Two additional Lansing businesses, 517 Coffee Co. and Dicker & Deal Second Hand Store, received alarming letters, the Lansing State Journal reported. These reports come after Strange Matter Coffee closed last week under the same circumstances. It reopened Friday (March 3). James Defrees, 517 Coffee Co. owner, told the Journal he was sent a 10-page letter addressed to “police,” but it had the store’s address. It contained swastikas, planes dropping bombs and references to Jewish people and Jewish religion, World War III and former President Donald Trump.

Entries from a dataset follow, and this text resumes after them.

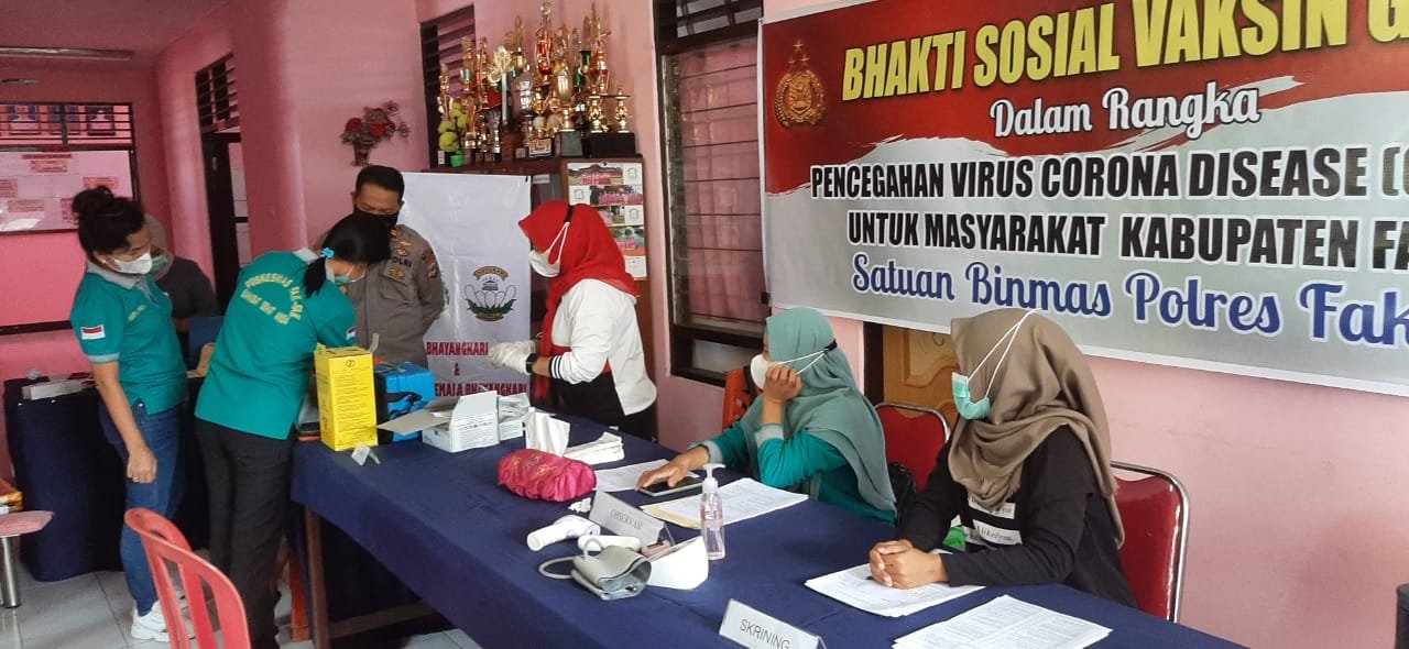 MATTANEWS.CO,FAKFAK – Polres Fakfak bekerja sama dengan Dinas Kesehatan Kabupaten Fakfak melakukan bhakti sosial Vaksinasi Covid-19 yang diperuntukan kepada Masyarakat Kabupaten Fakfak yang berlangsung di kantor Bhayangkari Polres Fakfak, Jumat (28/5/2021).
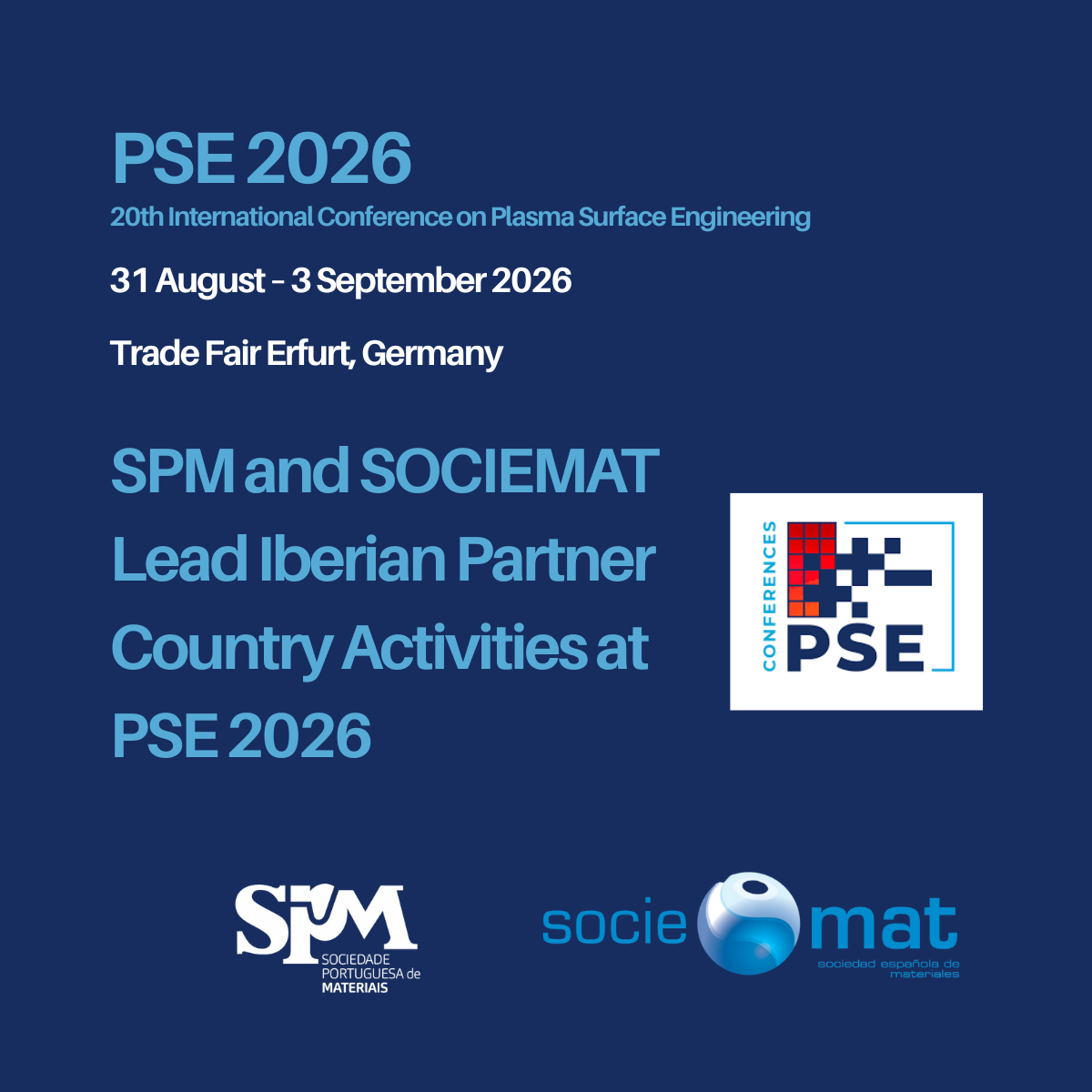 PSE 2026 will feature a dedicated Iberian symposium, a plenary lecture by Prof. Agustín Rodríguez González-Elipe, and dedicated exhibition space for Iberian companies, highlighting the strong contribution of FEMS member societies SPM and SOCIEMAT.
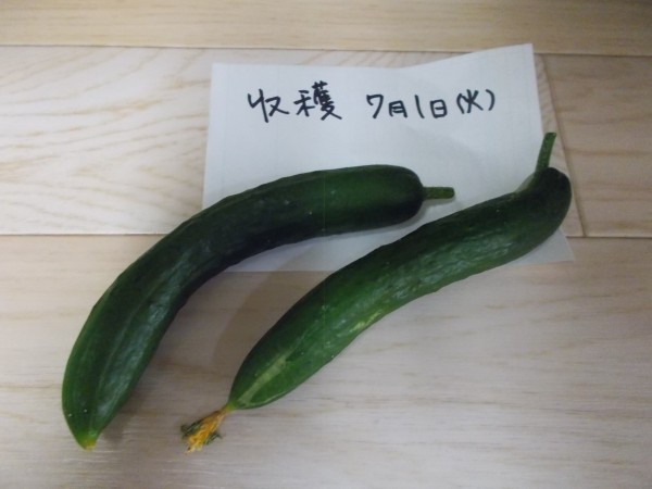 こ~んな小さいキュウリも、愛情込めて育てれれば、ほ~らこんな立派な
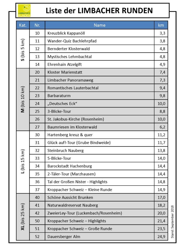 Weitere ausführliche Informationen wie z. B. die Touren-Steckbriefe gibt es direkt bei den LIMBACHER RUNDEN.
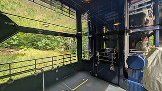 This photo is confusing; the grass and plants at the top appear to be reflections on the shiny ceiling. The vestibule is an outdoor viewing platform, letting passengers enjoy fresh air and scenery.
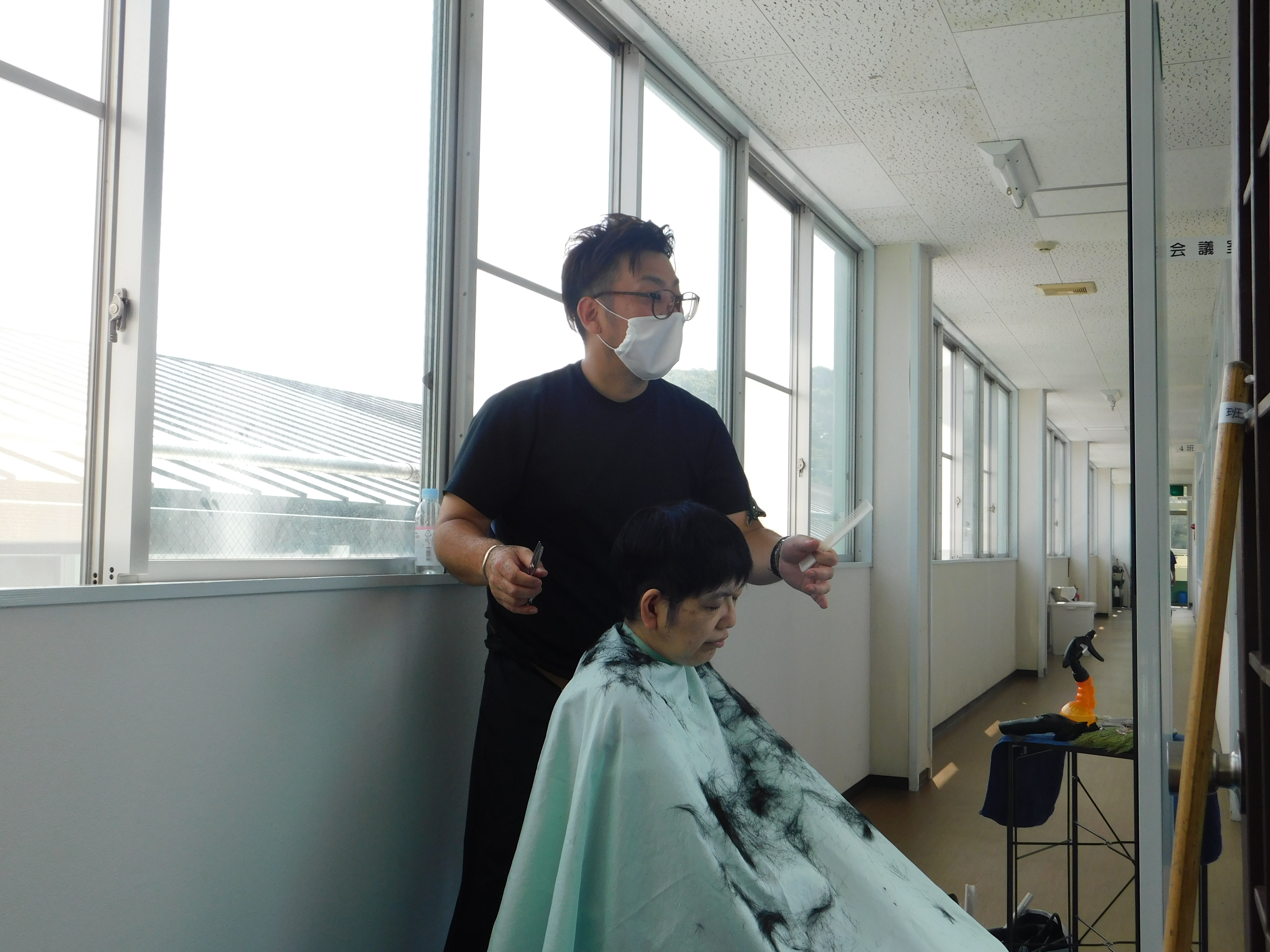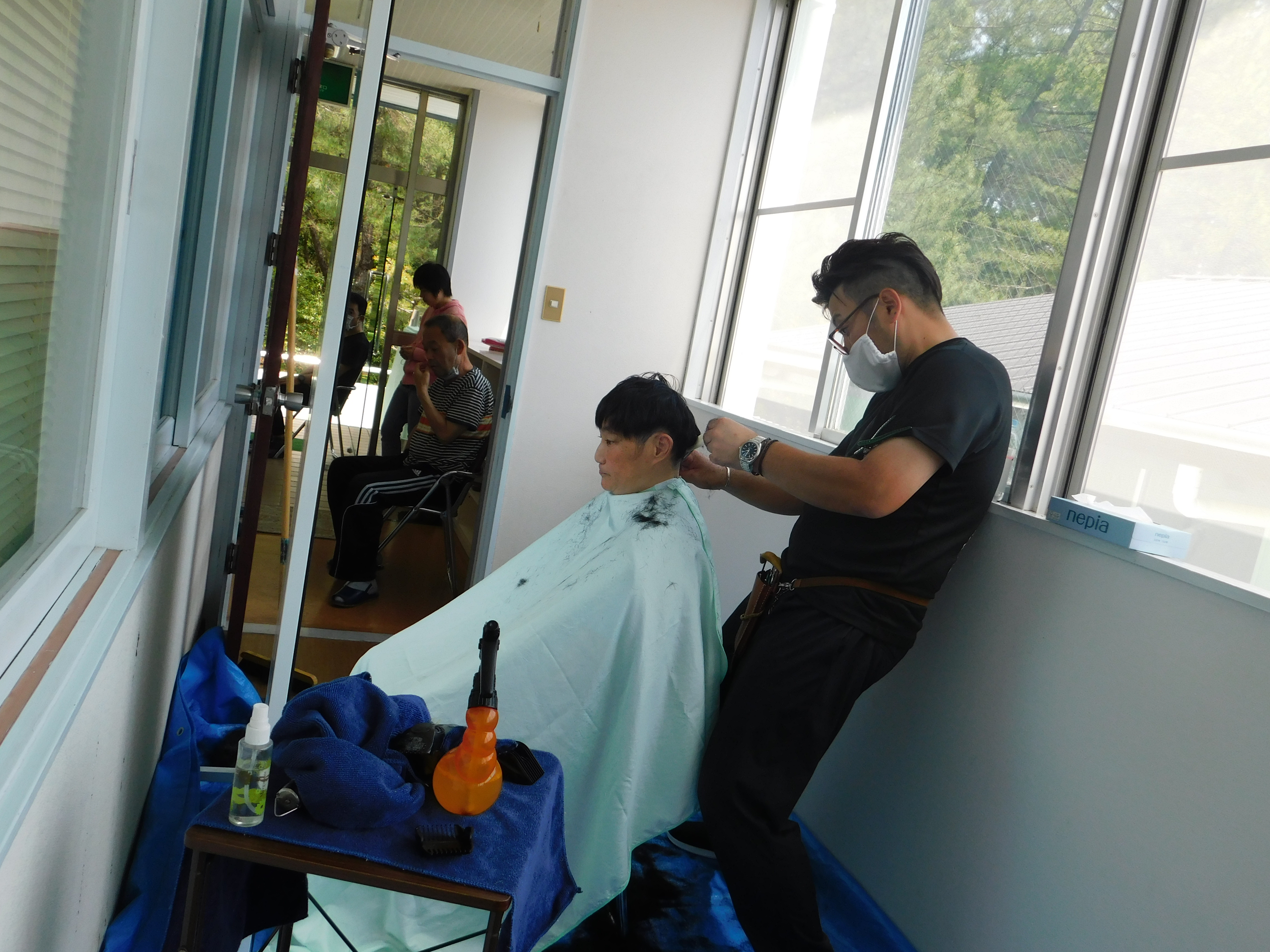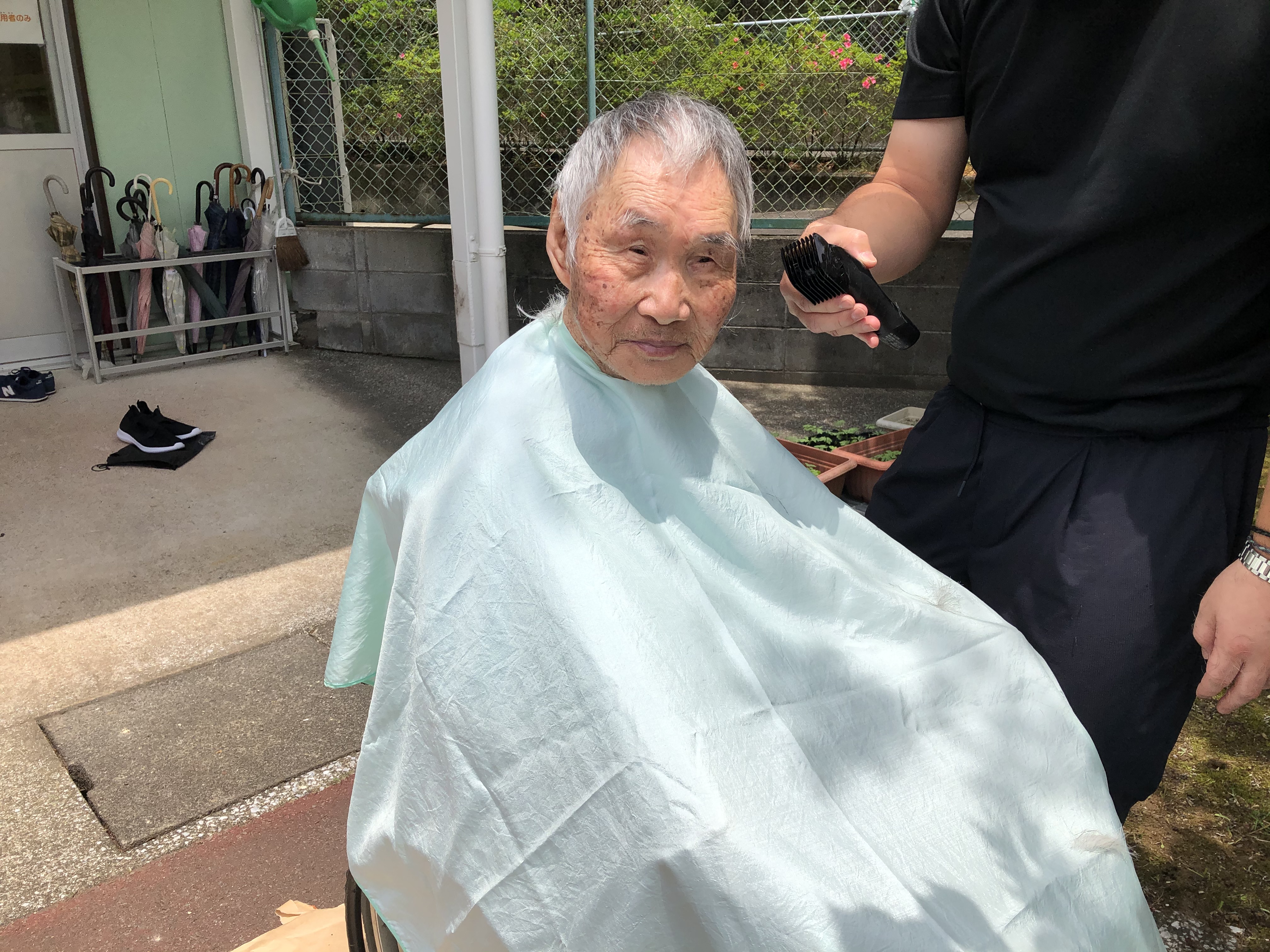 5月27日(水  今回は新型コロナウイルス感染症予防対策で外出自粛中のため、カットの達人さんに訪問理容を依頼し、換気の良い廊下で散髪をして頂きました。

An unnamed employee of Dicker & Deal said its location on Cedar Street was sent “two or three” letters within the past month but trashed them. The Lansing Police Department said the public isn’t at risk, though the FBI’s Detroit field office and the U.S. Postal Inspection Service are investigating the situation and ask anyone who receives a threatening letter to contact them immediately.

 

An 11-year-old girl is in stable condition after being shot in the leg Saturday (March 4), the Lansing State Journal reported. She was inside her house in the area of Orchard Court during the shooting, and the shots are believed to have come from outside of the home. Her family transported her to the hospital after the incident. Police believe this was a targeted shooting, and there is no threat to the public. Anyone with information on the shooting should call the Lansing Police Department at 517-483-4600.